With social media playing a growing part in our lives, Irish Post reader Mike O'Hara from Kent says you can't measure friendship by the number of likes you get on Facebook. For the last 60 years he has been best pals with fellow Irishman John Hennessy. Read their heart-warming story below.
EARLIER this year the national newspapers and other media reported that children were addicted to social media and that their happiness was dependent on how many ‘likes’ they get.
Their lives are planned around being befriended by people they have never met.
The word ‘friends’ has been rendered meaningless.
People of my generation who were born in the 1940s and for whom, in terms of age, it has already struck midnight had no such pressures and whilst poor in material terms we knew the reality of friendship.
If a person makes two of three real friends in a lifetime that are indeed lucky.
I do not include family, whose commitment is even deeper.
For example, John Hennessy and I will be celebrating 60 years of friendship this year.
Meeting in 1958 when we both started at a Catholic grammar school we were drawn together by similarities in temperament, humour, and both being Irish.

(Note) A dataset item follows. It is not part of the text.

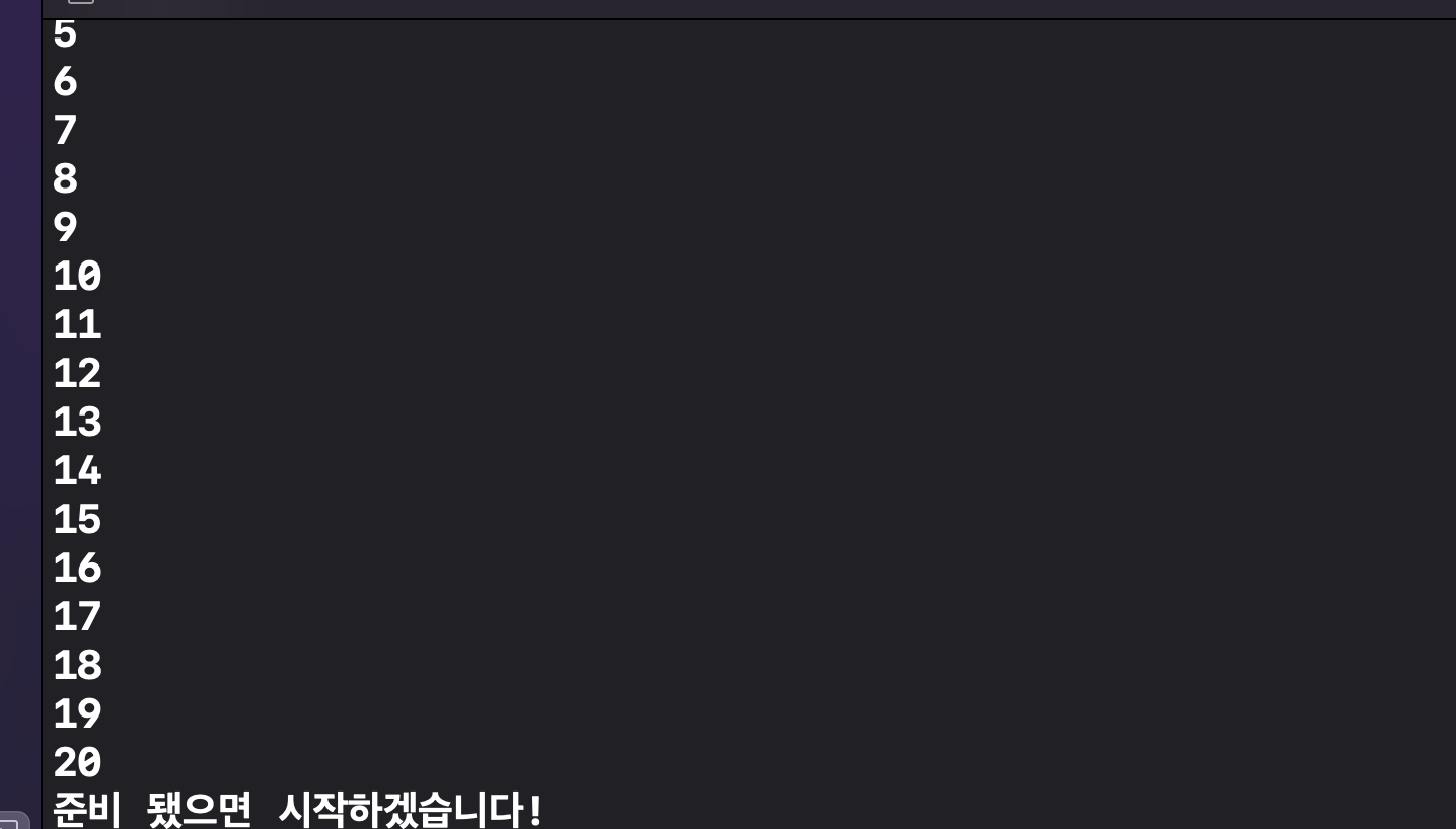 예를 들면 우리는 1부터 20까지 카운트한 다음 마지막에 "준비됐으면 시작하겠습니다!" 라는 텍스트를 출력하려고 합니다

We had many youthful escapades and some hairy scary times.
We quickly learned when to stand our ground and when discretion was the better part of valour.

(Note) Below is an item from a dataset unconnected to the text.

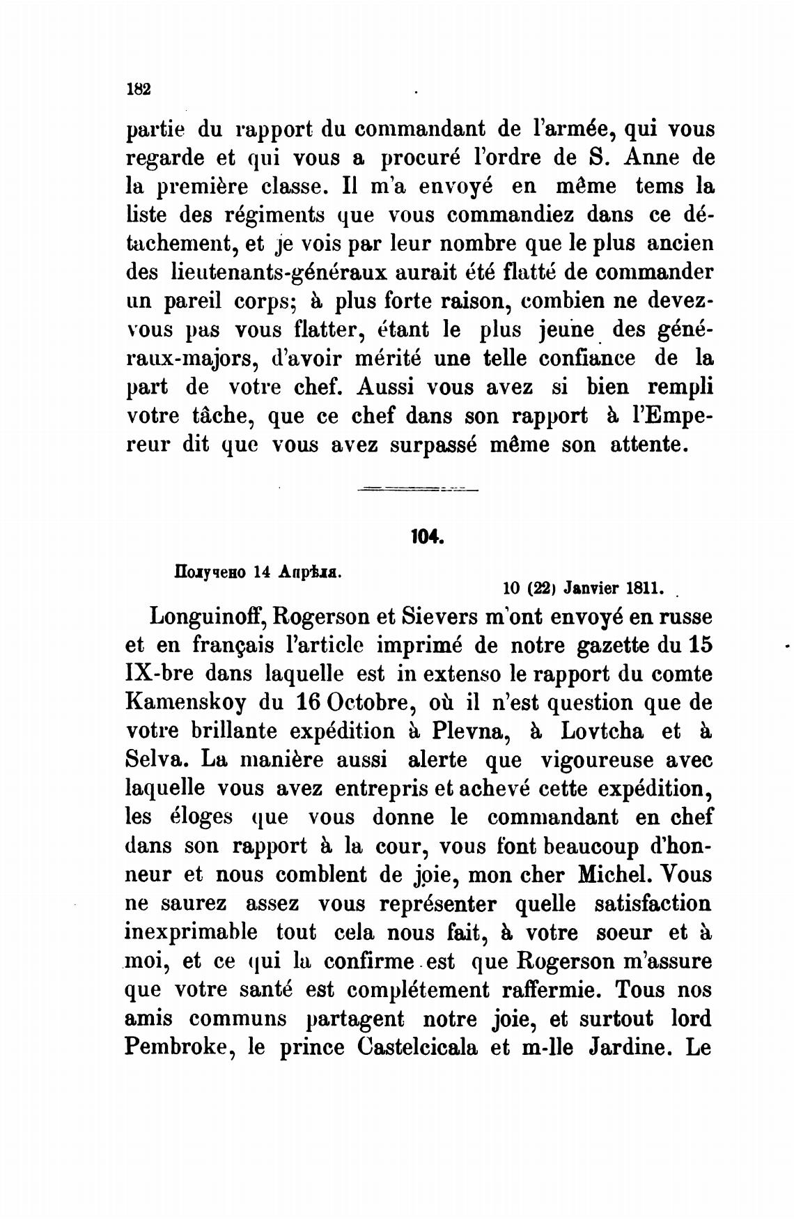 Longuinof, Rogerson et Sievers m'ont envoy6 еп russe

Later on we were best men at each others wedding to our amazing brides June and Susan.
That we are still married is a testament to the courage and staying power of these lovely ladies. We are godparents to each others children, and we have ‘seen the two days’ – the good and the bad.

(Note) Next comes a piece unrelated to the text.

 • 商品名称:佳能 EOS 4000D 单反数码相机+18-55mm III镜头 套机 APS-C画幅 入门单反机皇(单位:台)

Ours are not remarkable lives. Biographers and film producers are not beating a path to our doors.
But our friendship has been a constant thread throughout those lives.
The great paradox of friendship is that it does not need to be proven in any dramatic way.
Hennessy has never rushed into a burning building to pluck me from the flames and I have never dived into a raging sea to save him from a watery grave.
No matter.
Each of us believes that the other would do so if called upon.
For 60 years we have given each other the gift of laughter and in that laughter two old men have become young again.
You cannot get that by pressing ‘like’!